While Daugherty took a shower, the apartment residents stole $8 from her purse — which Peck said was her bus fare for the 12-mile trip back to Mount Pleasant — and a gift card. The suspects spilled makeup and mouthwash in the purse and when Daugherty found out and asked why they did it, "the harassment became more significant," Peck said.
She was punched in the face, kicked and hit with a bar from a towel rack, Peck said. At some point her hands were tied with Christmas lights and her feet tied with tinsel garland, Peck said.
Apparently realizing the situation had escalated, the suspects voted for the first time to kill Daugherty and proceeded to force feed her human waste and laundry bleach, Peck said. When Daugherty got sick and vomited, they took another death vote, he said.
Peck said Daugherty was then forced to write a "suicide" note. Smyrnes then gave a knife to Melvin Knight, 21, and told him to kill Daugherty saying, "I can't do it. You have to do it," Peck said.
Peck intends to pursue the death penalty against Smyrnes, Knight, and Knight's girlfriend, Amber Meidinger, 21. He doesn't intend to seek the death penalty against the two other defendants — Peggy Miller, 28, and Robert Masters, 36.

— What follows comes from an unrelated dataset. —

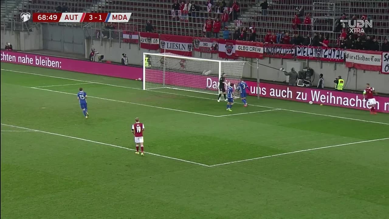 Tiro atajado junto al lado derecho de la portería. Karim Onisiwo (Austria) Disparo con la derecha desde fuera del área. Asistencia de Marcel Sabitzer.

Peck can't pursue the death penalty against Marinucci, because she was a juvenile at the time of the crime. Her age was the cornerstone of her attorney's opening statement.
Attorney Michael DeMatt told the jury Smyrnes was the driving force for the killing. "You're gonna heart evidence that doesn't fit ... the Commonwealth's theory" that Marinucci was jealous of Daugherty and wanted her dead, he said.
Instead, DeMatt painted Smyrnes — a small-time criminal with a history of violence — as a "flirt" who approached all the women at the apartment at one time or another and who wanted Daugherty dead so he could focus on Marinucci.
He said Masters told police he didn't know how to stop the torture killing.
"How can you ask a 17-year-old high school student to step up and stop this violence from occurring?" DeMatt asked. He said the prosecution wants the jury to believe "this 17-year-old managed to convince five others, adults, to perform the ultimate act — taking another person's life."
Testimony opened Monday with a woman who saw two men dragging a plastic trash can along the road near where Peck said Smyrnes and Knight dumped Daugherty's body.